Download Raw Diff

Details

Reviewers

Commits

rG668447677a8b: [WebAssembly] Add a flag to control merging data segments
rLLD332013: [WebAssembly] Add a flag to control merging data segments
rL332013: [WebAssembly] Add a flag to control merging data segments

Summary

Merging data segments produces smaller code sizes because each segment has some
boilerplate. Therefore, merging data segments is generally the right approach,
especially with wasm where binaries are typically delivered over the network.

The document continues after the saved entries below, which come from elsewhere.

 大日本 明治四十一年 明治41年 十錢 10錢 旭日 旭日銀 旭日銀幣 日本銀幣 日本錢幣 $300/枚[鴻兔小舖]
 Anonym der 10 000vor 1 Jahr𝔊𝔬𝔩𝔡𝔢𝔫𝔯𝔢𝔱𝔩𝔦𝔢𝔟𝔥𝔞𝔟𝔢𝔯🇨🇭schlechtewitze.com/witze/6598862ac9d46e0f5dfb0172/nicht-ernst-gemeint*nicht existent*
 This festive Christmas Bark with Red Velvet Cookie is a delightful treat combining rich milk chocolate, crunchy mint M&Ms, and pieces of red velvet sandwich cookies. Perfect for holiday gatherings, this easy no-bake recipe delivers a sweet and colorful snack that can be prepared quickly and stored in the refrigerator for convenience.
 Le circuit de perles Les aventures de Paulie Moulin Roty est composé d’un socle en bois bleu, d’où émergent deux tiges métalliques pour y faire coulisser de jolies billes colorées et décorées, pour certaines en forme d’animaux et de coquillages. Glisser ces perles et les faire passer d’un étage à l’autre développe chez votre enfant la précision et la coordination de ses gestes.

However, when analyzing wasm binaries, it can be helpful to get a conservative
picture of which functions are using which data segments[0]. Perhaps there is a
large data segment that you didn't expect to be included in the wasm, introduced
by some library you're using, and you'd like to know which library it was. In
this scenario, merging data segments only makes the analysis worse.

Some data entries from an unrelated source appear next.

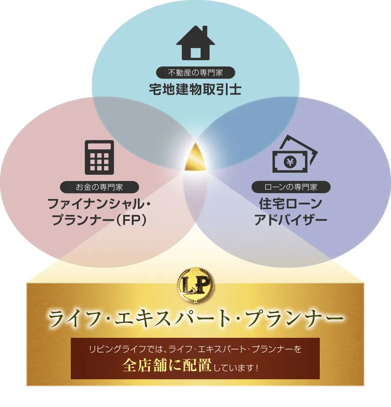 株式会社リビングライフは売買仲介を専門に扱う全店舗に「ライフ・エキスパート・プランナー」を配置し、初めて住宅を購入する方の様々な疑問やご要望にお応えします。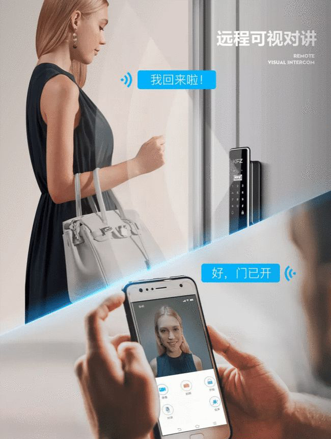 從行業現狀來看,除了3D人臉識別鎖之外,另一個發展比較迅速的產品就是視頻鎖。而KFZ智能鎖發布另外一款K6009B,正是視頻鎖。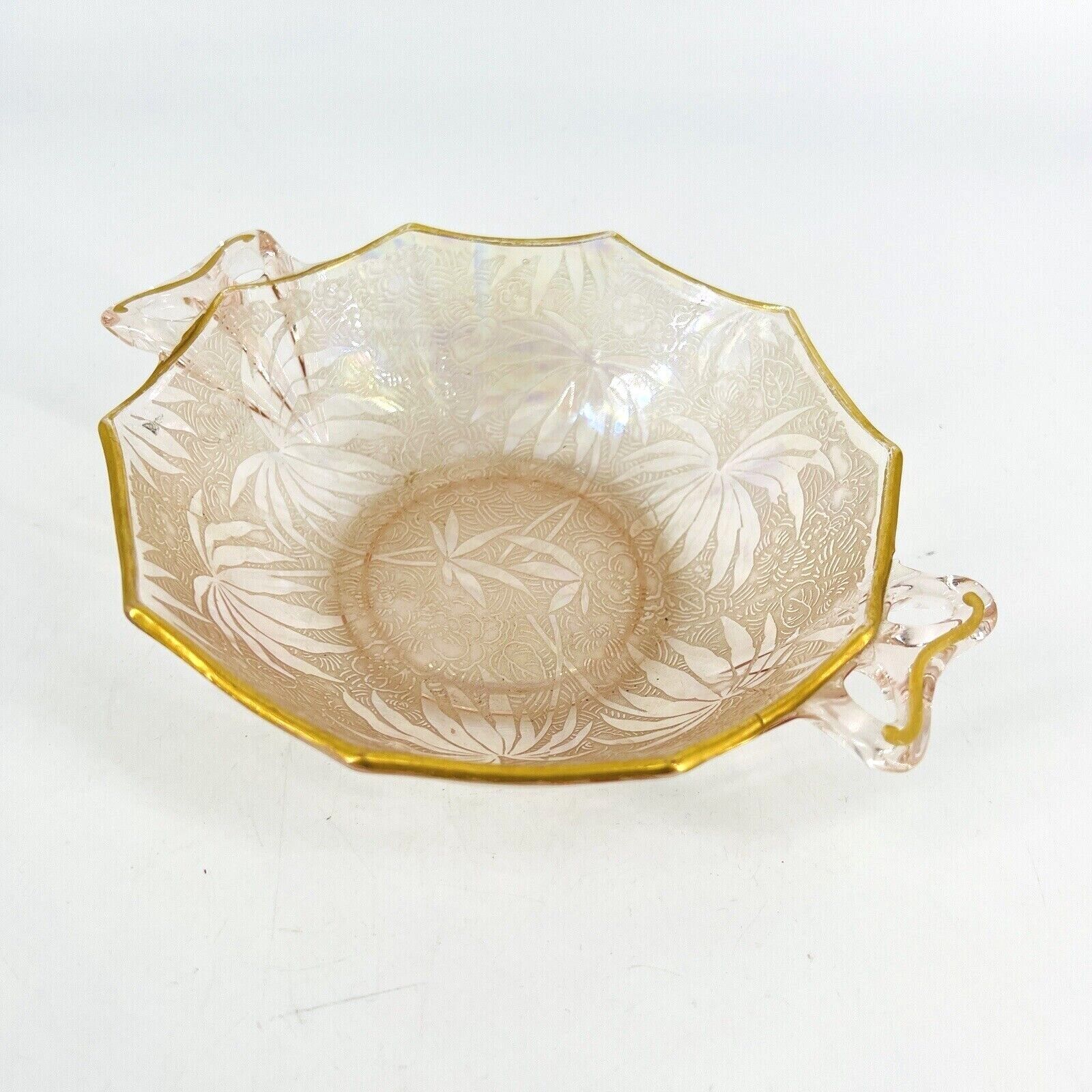 Vintage Fostoria Palm Brocade Etched Pink Gold Trim Glass Bowl Octagon

Alternatively, perhaps you will remove some dead functions by-hand[1] that can't
be statically proven dead by the compiler or lld, and removing these functions
might make some data garbage collect-able, and you'd like to run --gc-sections
again so that this now-unused data can be collected. If the segments were
originally merged, then a single use of the merged data segment will entrench
all of the data.

[0] https://github.com/rustwasm/twiggy
[1] https://github.com/fitzgen/wasm-snip

Diff Detail

Repository: rL LLVM

Event Timeline

fitzgen created this revision.May 3 2018, 7:12 PM

Herald added subscribers: llvm-commits, sunfish, JDevlieghere and 2 others. · View Herald TranscriptMay 3 2018, 7:12 PM

I don't know how to write a test for lld -- would appreciate some guidance doing that!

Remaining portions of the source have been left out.